Jesus Green Swimming Pool is a lido situated on Jesus Green in Cambridge, England. Opened in 1923, it is one of the few remaining examples of the lidos built across the country in the 1920s — open air pools with space for activities other than swimming. Unusually, the pool is significantly longer than it is wide — this was a design idea to mimic swimming in the nearby river. It opens for public bathing every day from May to September each year, and remains open but operates reduced hours over the winter period.

Jesus Green, though only 15 yd wide, is among the longest outdoor swimming pools in Europe at 100 yd in length (the largest freshwater lido is Tooting Bec Lido in London, which is the same length, but 33 yd wide).
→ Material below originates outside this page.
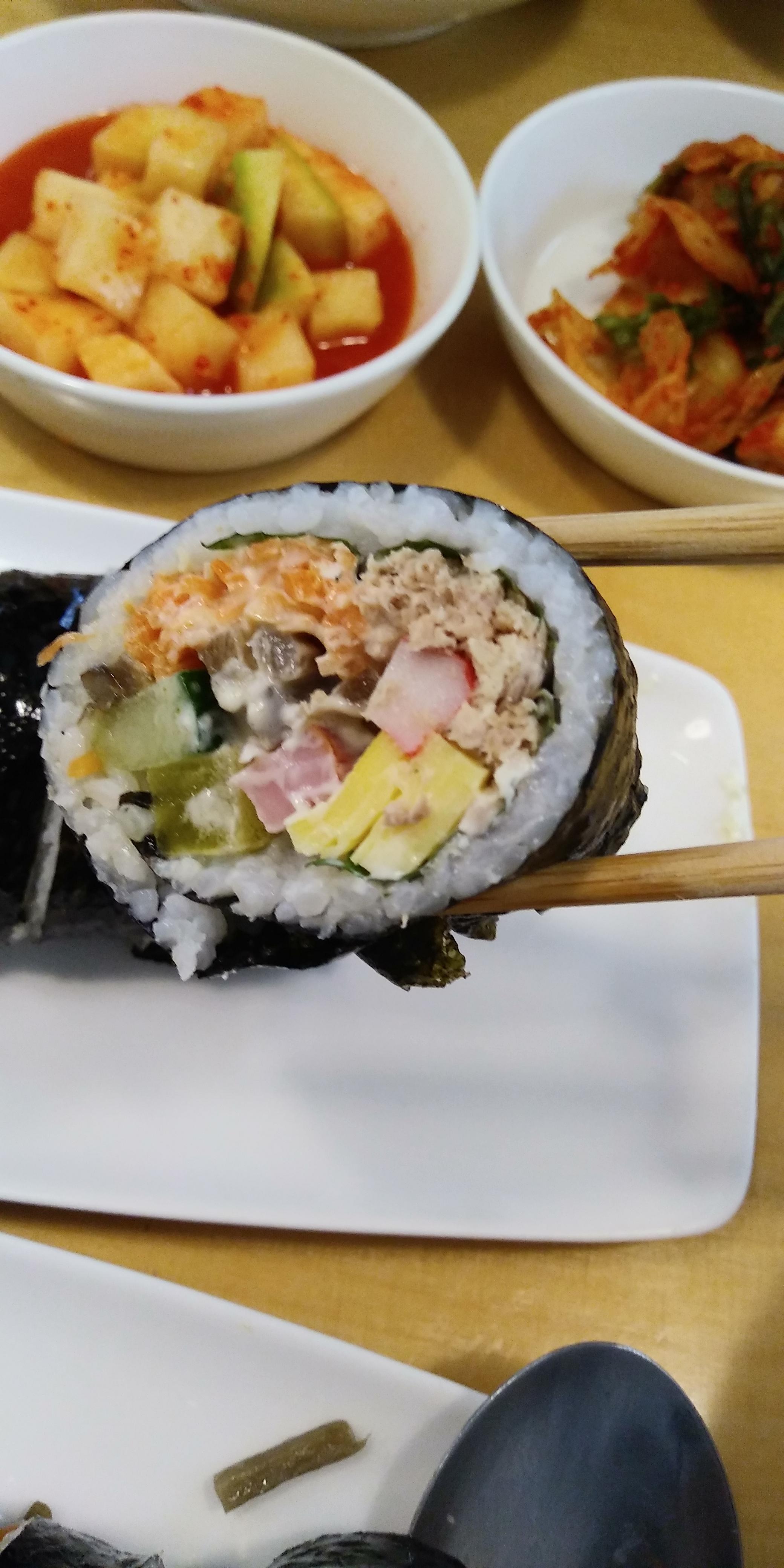 근데 양념 안 된 싱거운 유부(마르고 퍽퍽)로 하는 김밥은 처음이라 이상했다.

It has a depth of 1.2 m at each end, and a maximum depth of 2.5 m in the centre. Diving is allowed into the centre section of the pool. The pool has a dedicated swimming lane for 'fast' swimmers and the remaining two-thirds is for recreational swimming.

The pool is unheated. The organisation owning Jesus Green Pool maintain data on water temperatures on their website.

Located alongside the River Cam opposite Chesterton Road between Jesus Lock and Victoria Avenue Bridge, the pool has sunbathing space and is paved on one side with grass on the other. A sauna is available.

A map giving the detailed layout of the lido can be seen on OpenStreetMap.

Despite past attempts to shut it down, it has remained open. In 1997, the pool facilities were upgraded, with new shower and toilet facilities added, although the new design was complained about, due to problems with the architecture and plumbing. The pool still retains most of its original features and remains of interest from a historical point of view. There are separate male and female changing facilities, and domed structures containing showers at either end. Baskets, and room for their storage, are provided for clothes.

There is a much smaller outdoor pool upstream of the city centre at Sheep's Green, and swimming in the Cam remains popular near Grantchester.

==In Media==

A short film titled "Jesus Green Pool" was produced in 2004 by amateur director Chris Cox. The film emphasizes the seasonal nature of the pool by documenting a single summer at the pool; from opening in the Spring, to closing in the Autumn. It was shown at the Cambridge Film Festival in the summer of 2005.